A quantidade final de unidades poderá ser adequada à demanda efetivamente habilitada.
Planejamento para evitar novos entraves
Ao apresentar simultaneamente as três situações, a Administração destacou a necessidade de cumprir previamente todas as etapas de cada empreendimento.
No novo projeto de Doutor Antônio Paranhos, a determinação é realizar desde o início os levantamentos, regularizações, projetos, sondagens e demais procedimentos técnicos necessários antes da construção.

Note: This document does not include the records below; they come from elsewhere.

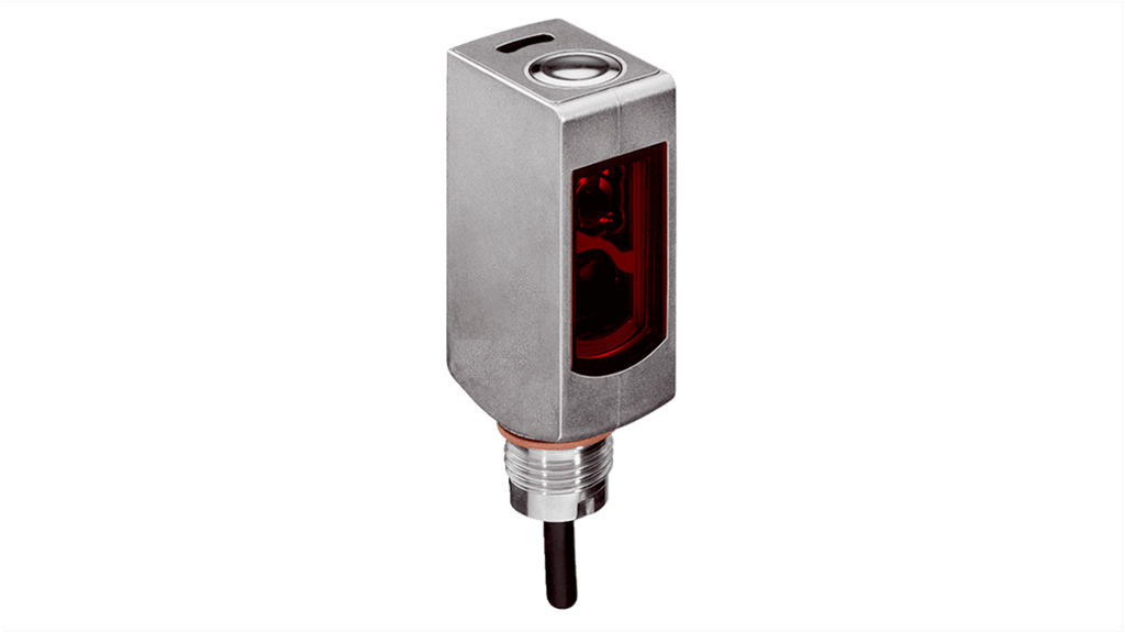 Sensore fotoelettrico rettangolare a retroriflessione, gamma di rilevamento 0 a 5 m, uscita PNP, alloggiamento in acciaio inox, grado di protezione IP 66, IP 67, IP 68, corrente massima 30 mA, tensione massima 30V, tempo di risposta 0,5 ms, temperatura operativa da -30 a +70 gradi, standard CE e cUL, montaggio igienico tramite filettatura M8.
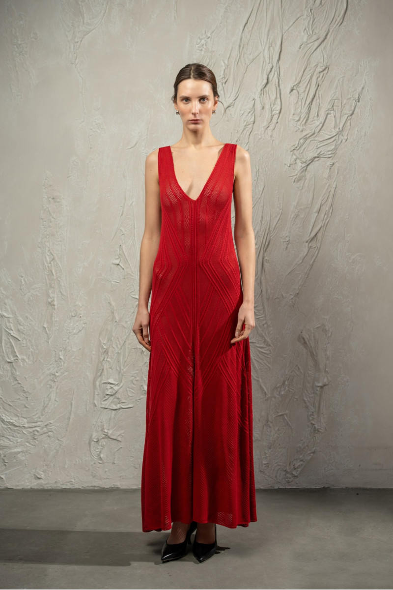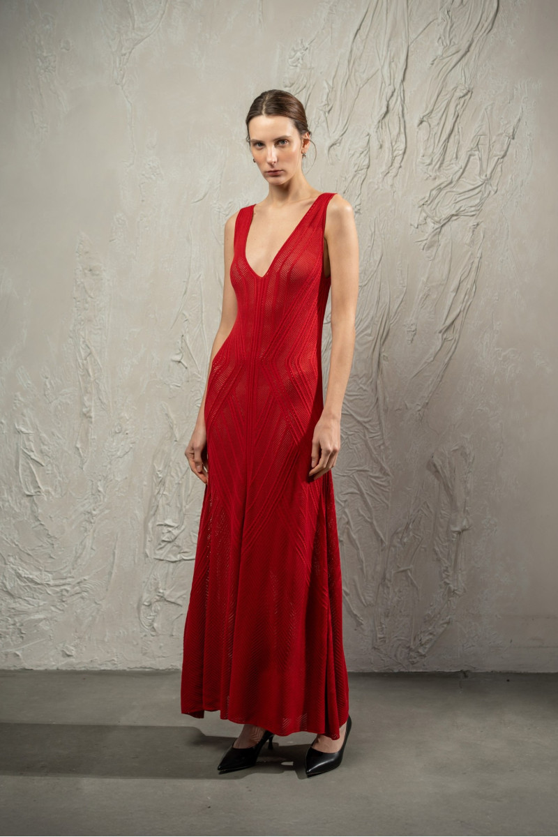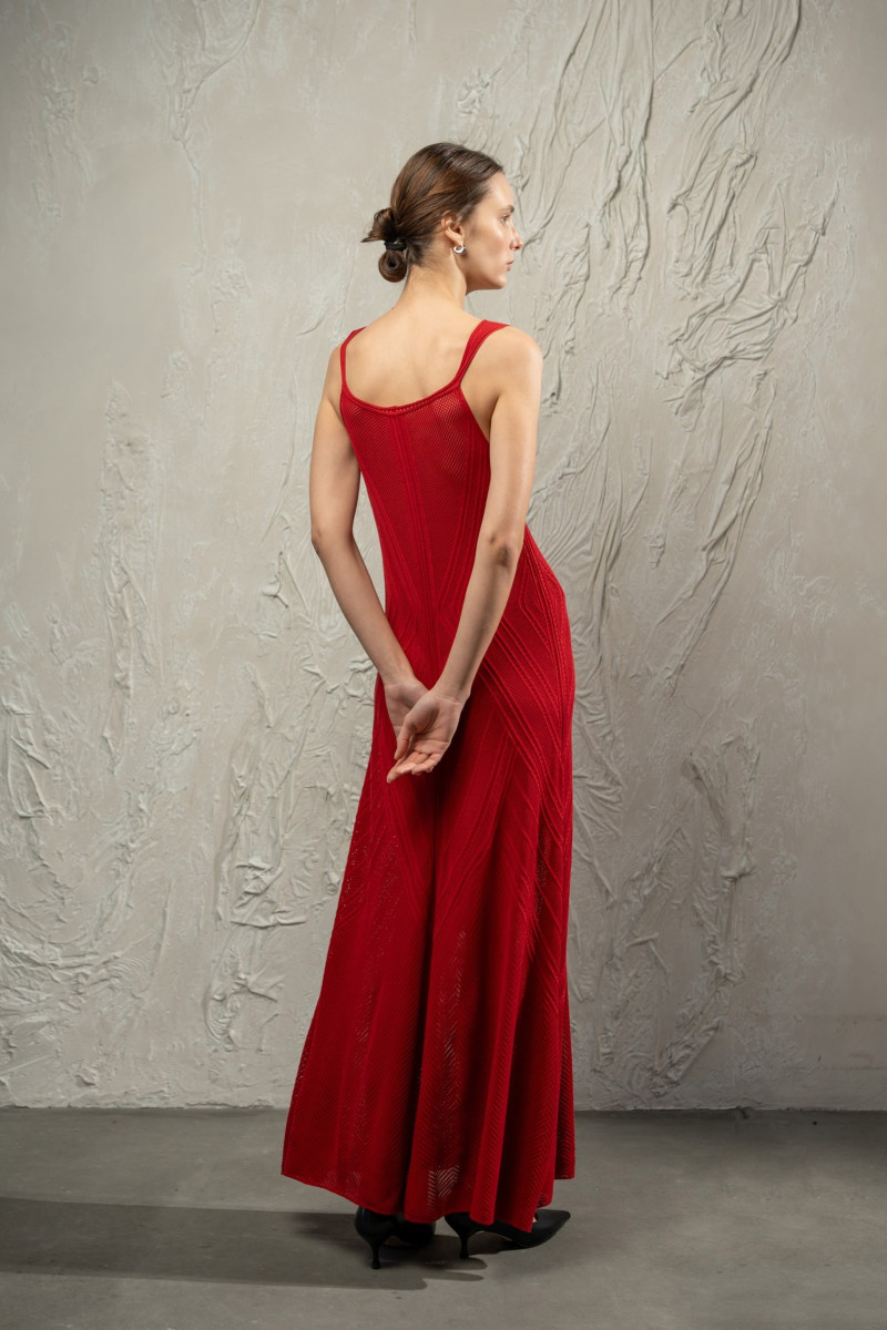 Трикотажна мереживна максісукня з віскозної пряжі на бретелях середньої ширини. Модель А-подібного силуету: облягаючий ліф плавно розширюється від талії. Виконана з мереживного переплетіння з вертикальними ритмічними лініями та діагональними акцентами. V-подібний виріз горловини та бретелі підкреслюють легкість і жіночність силуету.
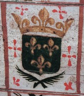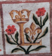 Le plafond est entièrement peint et forme environ 175 panneaux ornés de motifs tous différents : feuillages, couronnes d’épines, instruments de la passion, monogramme du christ, têtes d’angelots ailés. L’écusson aux trois fleurs de lys occupe une surface plus grande mais se trouve répété en d’autres endroits.
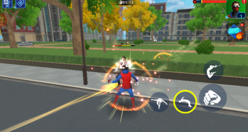 3、利用虚拟摇杆操控着蜘蛛英雄与邪恶的敌人展开对决,灵活施展拳击和蛛丝。
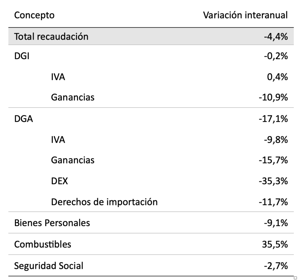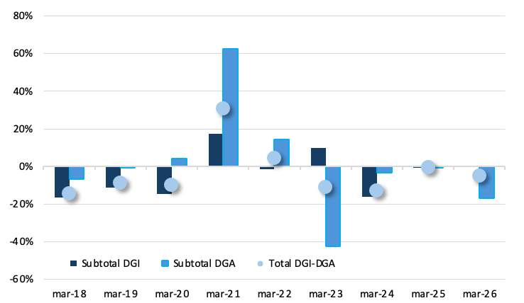 En este contexto, la recaudación asociada a la DGI se mantuvo prácticamente estable en marzo, con una variación real interanual de -0,2%. Al interior, los principales tributos mostraron un comportamiento homogéneamente débil, con Ganancias e IVA (que en conjunto explican más del 70% de la recaudación) exhibiendo caídas o desempeños neutros.
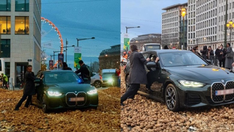 Printre imaginile marcante ale zilei, una prezenta o mașină care a rămas blocată după ce fermierii au vărsat o remorcă de cartofi pe carosabil. Blocat în mijlocul mormanelor, șoferul a coborât din mașină și a încercat să îndepărteze cartofii pentru a putea pleca, sub privirile uimite ale trecătorilor.
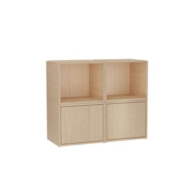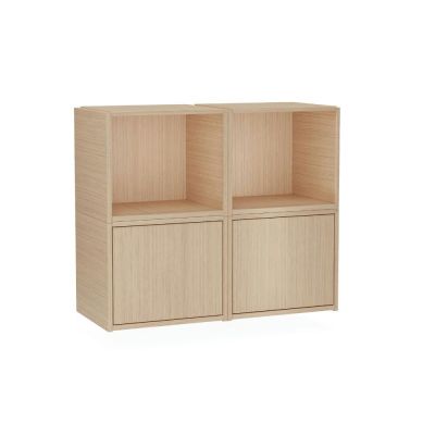 Dette er Bricks system C. Bricks er formet af fem FSC®-certificerede egetræssider, der er sammensat i forskellige niveauer, hvilket gør det muligt at stable elementerne oven pa hinanden i en selvlasende konstruktion. Det klassiske modulære opbevaringssystem består af individuelle kuber, der enten kan monteres på væggen eller placeres på en gulvsokkel. Skab en rumdeler, vægophængt bogreol eller vend kuben pa højkant som et sidebord.
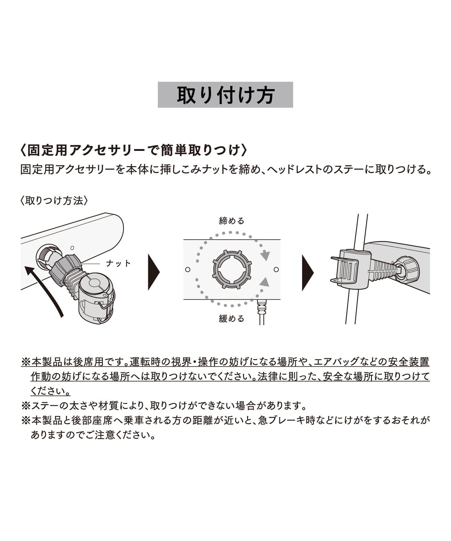 ●ヘッドレストに取りつける固定用アクセサリー付きで簡単に取り付けができます。
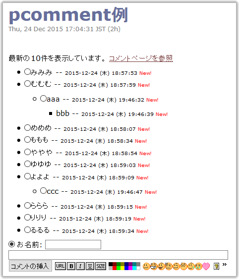 #pcomment(サンプル掲示板,reply,10)
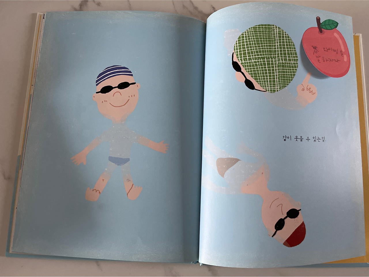 이 책을 처음 만났던 건 그림책필사모임을 진행하는 작은 서점에서였다. 그림책을 펼쳐보니 마지막에 뛰어내린 장면에서 이렇게 예쁜 사과모양의 포스트잇으로 “다이빙을 잘하잖아”라고 쓰여있었는데, 이건 책을 봤던 누군가가 이렇게 한 걸까? 아니면, 그림의 손짓도 그렇고 작가가 의도한 것이었을까? 살 땐 없었던 것 같았는데 신기했다.
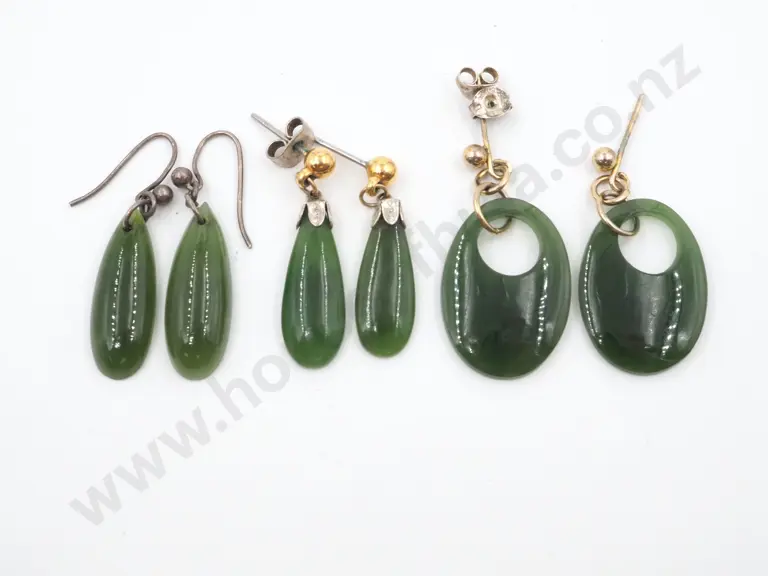Three Paris Greenstone Earrings Estimate: $60 - $80
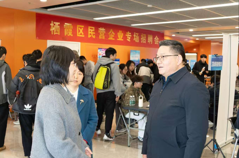11月26日,由栖霞区委统战部与万象城官网统战部共同主办,栖霞区工商联(总商会)、区人社局、万象城官网招生就业处、校团委联合承办的栖霞区2025年民营企业专场招聘会在万象城官网双创大楼顺利举行。校党委副书记浦黄忠,党委常委、副校长高宏彦,栖霞区委常委、统战部部长章晶,区工商联党组成员、副主席彭中华等参加活动。
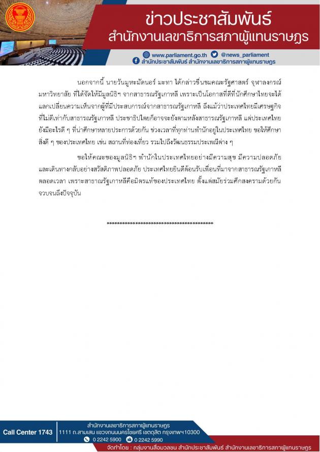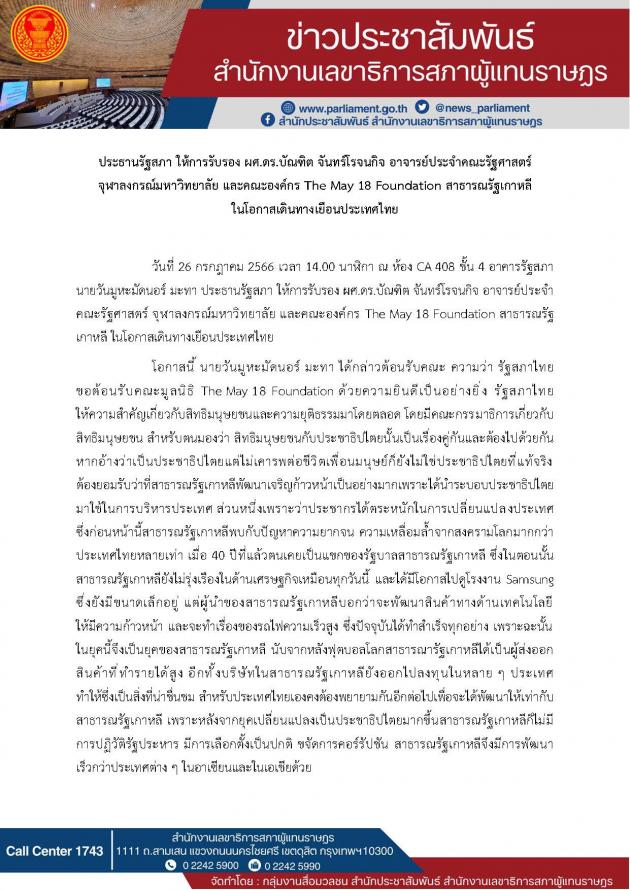 ประธานรัฐสภา ให้การรับรอง อาจารย์ประจำคณะรัฐศาสตร์ จุฬาลงกรณ์มหาวิทยาลัย และคณะองค์กร The May 18Foundation สาธารณรัฐเกาหลี ในโอกาสเดินทางเยือนประเทศไทย
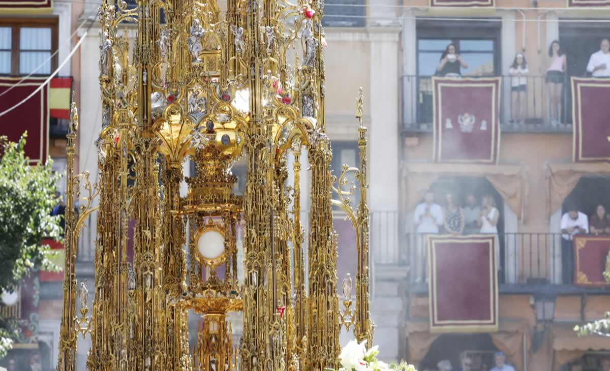 Miles de personas han abarrotado las laberínticas calles del Casco Histórico de Toledo para disfrutar de un Corpus Christi marcado por el calor y contemplar una Custodia de Arfe que, como todos los años, ha brillado más que el sol. Para aliviar los efectos de las altas temperaturas, el Ayuntamiento ha repartido 8.000 botellas de agua.

A reunião também permitiu que Executivo, Legislativo e equipes técnicas compartilhassem as informações sobre cada processo, evitando que situações de empreendimentos diferentes sejam confundidas.
Assim, o Vitória II segue atualmente aguardando a análise da licença ambiental necessária para avançar na instalação da rede elétrica; uma segunda área habitacional passa por conferência de metragem antes da continuidade de um futuro projeto envolvendo a Cohapar; e, em uma terceira frente, o Município inicia por Doutor Antônio Paranhos a estruturação de um novo programa habitacional com participação da Caixa Econômica Federal.
São três processos distintos, em diferentes estágios, mas que convergem para um mesmo desafio: ampliar o acesso à moradia e, ao mesmo tempo, garantir que os novos empreendimentos avancem com segurança jurídica, ambiental e técnica.